Data shown:
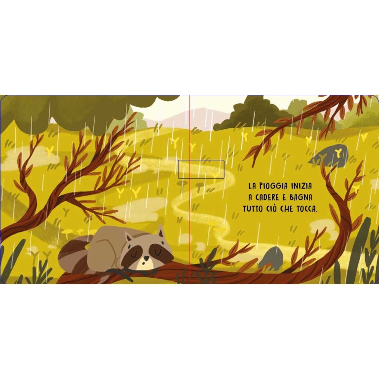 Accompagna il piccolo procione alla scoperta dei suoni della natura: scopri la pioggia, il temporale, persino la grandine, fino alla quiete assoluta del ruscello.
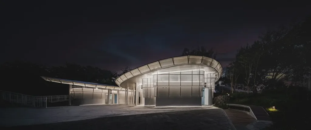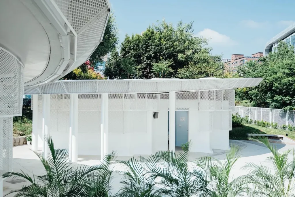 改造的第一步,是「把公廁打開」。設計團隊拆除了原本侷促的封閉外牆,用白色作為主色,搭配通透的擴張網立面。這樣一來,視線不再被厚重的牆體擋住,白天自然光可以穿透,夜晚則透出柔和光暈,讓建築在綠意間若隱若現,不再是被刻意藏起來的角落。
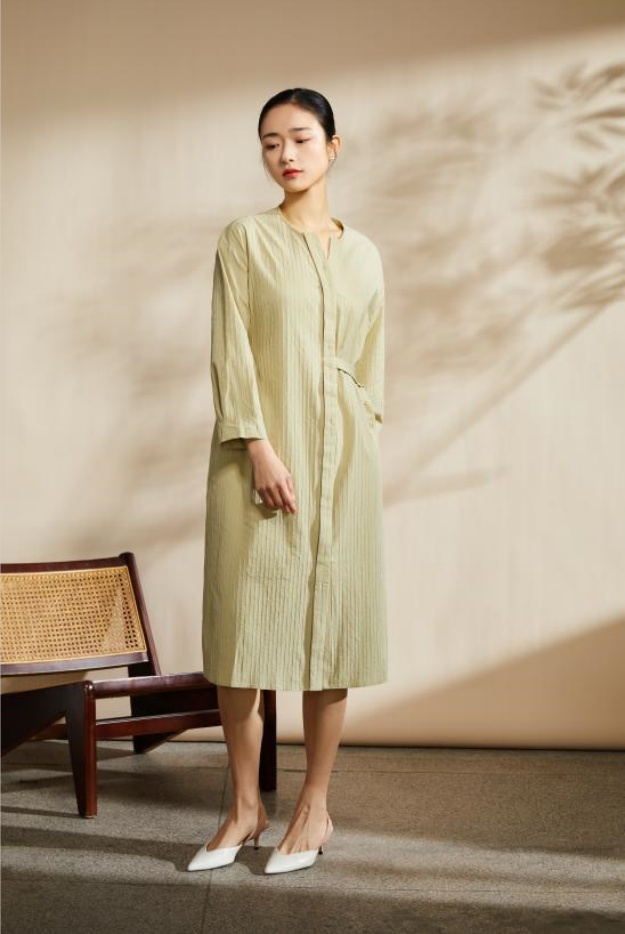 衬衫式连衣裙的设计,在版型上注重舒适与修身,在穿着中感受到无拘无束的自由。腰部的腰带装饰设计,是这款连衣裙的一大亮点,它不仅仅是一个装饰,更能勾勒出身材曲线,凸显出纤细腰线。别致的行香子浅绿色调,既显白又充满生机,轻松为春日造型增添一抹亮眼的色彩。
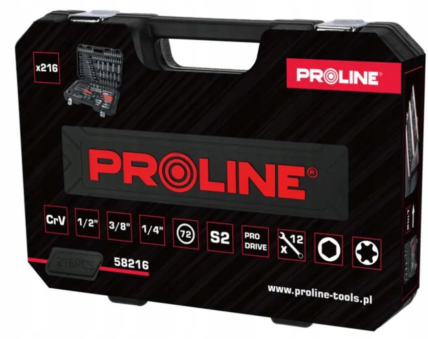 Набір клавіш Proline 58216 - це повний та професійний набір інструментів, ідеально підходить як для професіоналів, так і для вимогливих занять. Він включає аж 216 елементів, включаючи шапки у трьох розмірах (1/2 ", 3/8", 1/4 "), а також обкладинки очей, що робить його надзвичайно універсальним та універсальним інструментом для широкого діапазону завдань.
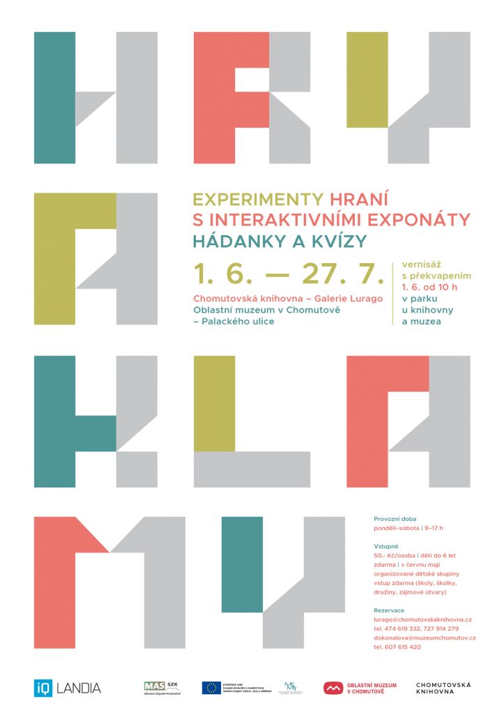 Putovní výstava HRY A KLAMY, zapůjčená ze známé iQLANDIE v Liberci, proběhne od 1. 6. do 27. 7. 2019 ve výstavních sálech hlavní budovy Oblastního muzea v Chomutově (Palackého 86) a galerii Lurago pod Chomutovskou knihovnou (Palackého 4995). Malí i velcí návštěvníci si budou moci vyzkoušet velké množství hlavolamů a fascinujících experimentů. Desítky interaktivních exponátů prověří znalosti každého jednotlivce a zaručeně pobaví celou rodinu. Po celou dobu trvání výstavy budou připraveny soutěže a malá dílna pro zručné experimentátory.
---
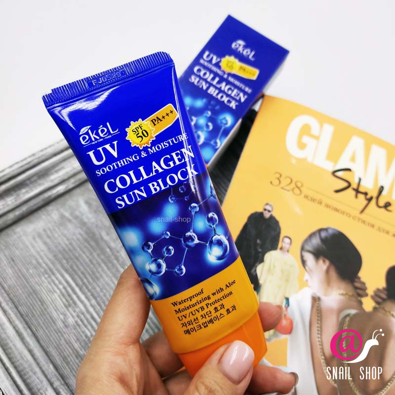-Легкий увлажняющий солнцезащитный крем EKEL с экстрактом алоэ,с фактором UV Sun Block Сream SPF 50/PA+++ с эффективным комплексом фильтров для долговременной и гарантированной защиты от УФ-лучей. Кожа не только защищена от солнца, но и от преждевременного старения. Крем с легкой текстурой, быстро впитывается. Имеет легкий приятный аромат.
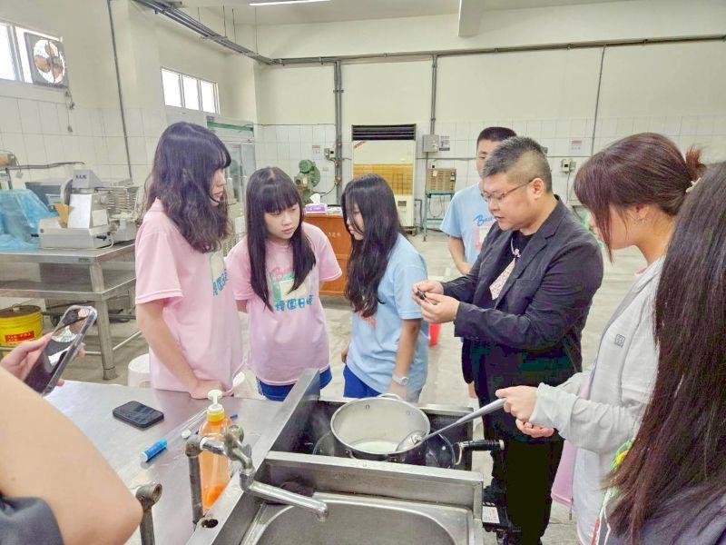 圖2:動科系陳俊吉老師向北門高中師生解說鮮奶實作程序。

Task requirements: Beginning with the line holding "Accompagna il piccolo" in the material above, restate word for word each line through the line holding "Набір клавіш Proline", and exclude pictures.

Exercise response:
 Accompagna il piccolo procione alla scoperta dei suoni della natura: scopri la pioggia, il temporale, persino la grandine, fino alla quiete assoluta del ruscello.
 改造的第一步,是「把公廁打開」。設計團隊拆除了原本侷促的封閉外牆,用白色作為主色,搭配通透的擴張網立面。這樣一來,視線不再被厚重的牆體擋住,白天自然光可以穿透,夜晚則透出柔和光暈,讓建築在綠意間若隱若現,不再是被刻意藏起來的角落。
 衬衫式连衣裙的设计,在版型上注重舒适与修身,在穿着中感受到无拘无束的自由。腰部的腰带装饰设计,是这款连衣裙的一大亮点,它不仅仅是一个装饰,更能勾勒出身材曲线,凸显出纤细腰线。别致的行香子浅绿色调,既显白又充满生机,轻松为春日造型增添一抹亮眼的色彩。
 Набір клавіш Proline 58216 - це повний та професійний набір інструментів, ідеально підходить як для професіоналів, так і для вимогливих занять. Він включає аж 216 елементів, включаючи шапки у трьох розмірах (1/2 ", 3/8", 1/4 "), а також обкладинки очей, що робить його надзвичайно універсальним та універсальним інструментом для широкого діапазону завдань.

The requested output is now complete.